Below is a post that I wrote in January 2010. At the time, I was chewing on my own questions about whether I only saw what I wanted to see in some of the religious oriented organizations that we supported. Finding these discrepancies in the mission of Gary DeMar's American Vision published in the early 1990s and what it claimed in 2010 helped me put much of that into perspective. It wasn't just me.

Some say that this subculture fringe went berserk when Y2K didn't result in a shut down of society. (Many who followed Theonomy – the idea that God's laws should be our civil law – believed that if they stored enough gold, guns, and preserved food, they'd get to take over the country when computers failed.) It was about that time that they became more open about their more questionable teachings and behaviors, and some say that it resulted from their angst of frustration. If Y2K was a factor, it's all the more ironic that Demar became caught up in the aftermath. He wrote a very good book about Last Days Madness. For all his effort, he may have fallen into millennial madness anyway.

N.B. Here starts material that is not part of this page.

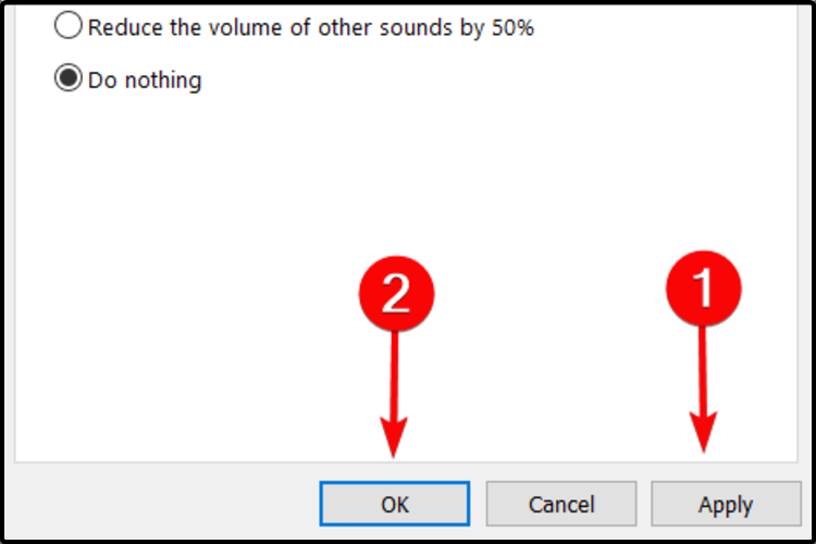 Windows иногда автоматически уменьшает громкость других звуков во время звонков. Отключение этой опции позволяет сохранить уровень микрофона.

As I read this eight years later, the odd beliefs noted below have largely fallen out of vogue. Vision Form, a similar organization run by the son of a Religious Right heavyweight, fell apart due to his infidelity and indulgence. Doug Phillips was well known to bully people, and I suspect that much of his influence came about because he rode on his father's coat tails. His father was Howard Phillips, a heavyweight influence within the Religious Right and founder of the Conservative Caucus and what was once the largest third political party in the US: The Constitution Party.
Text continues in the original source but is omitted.